The potential applications of rotatum are a topic of much speculation. Some commenters suggest potential uses in optical communications, particularly in increasing bandwidth or creating new modulation schemes. Others propose applications in areas like microscopy and optical manipulation of particles. However, many acknowledge that it's too early to predict concrete applications, with further research being necessary to explore the practical implications fully.
A few commenters also delve into the more technical aspects of the paper, discussing concepts like the symmetry properties of light fields and the mathematical framework used to describe rotatum. They engage in a more detailed examination of the underlying physics and the theoretical implications of the discovery.

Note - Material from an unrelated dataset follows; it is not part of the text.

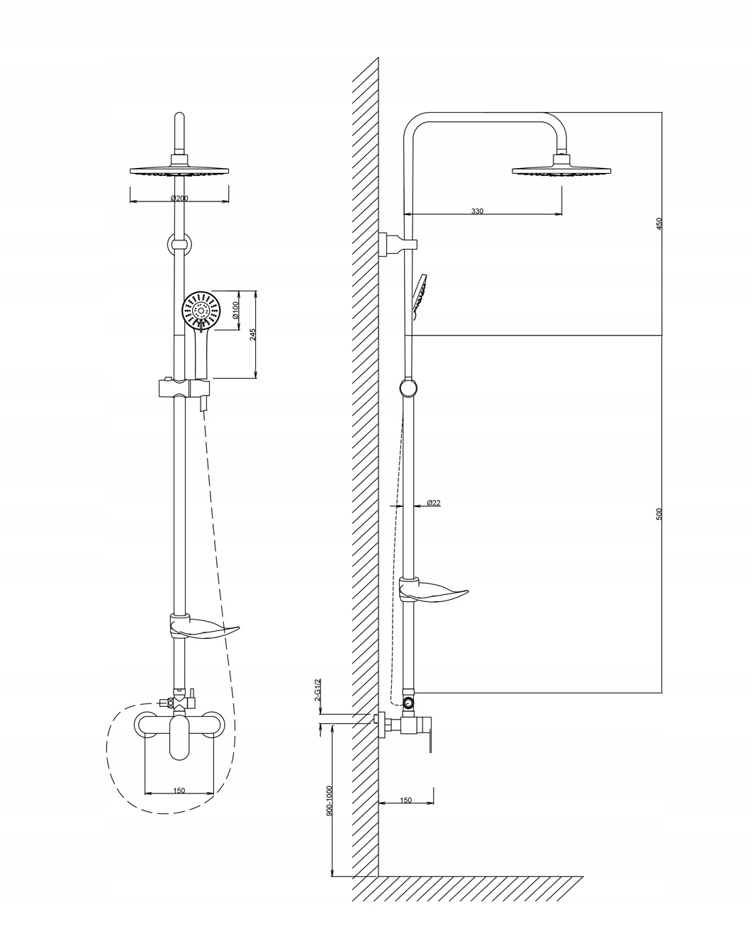 ЯКІСТЬ Душовий гарнітур, душова колонка, RAIN SHOWER, накладна, чорний

There's a noticeable thread of discussion around the visualization and intuitive understanding of rotatum. Commenters grapple with the challenge of picturing this abstract property and try to relate it to more familiar concepts. Some propose analogies and visualizations to help grasp the nature of rotatum.
Finally, some comments express caution and skepticism, suggesting the need for further independent verification and research to solidify the findings and explore potential artifacts. They highlight the importance of rigorous scrutiny in scientific discoveries, particularly those claiming fundamental advancements.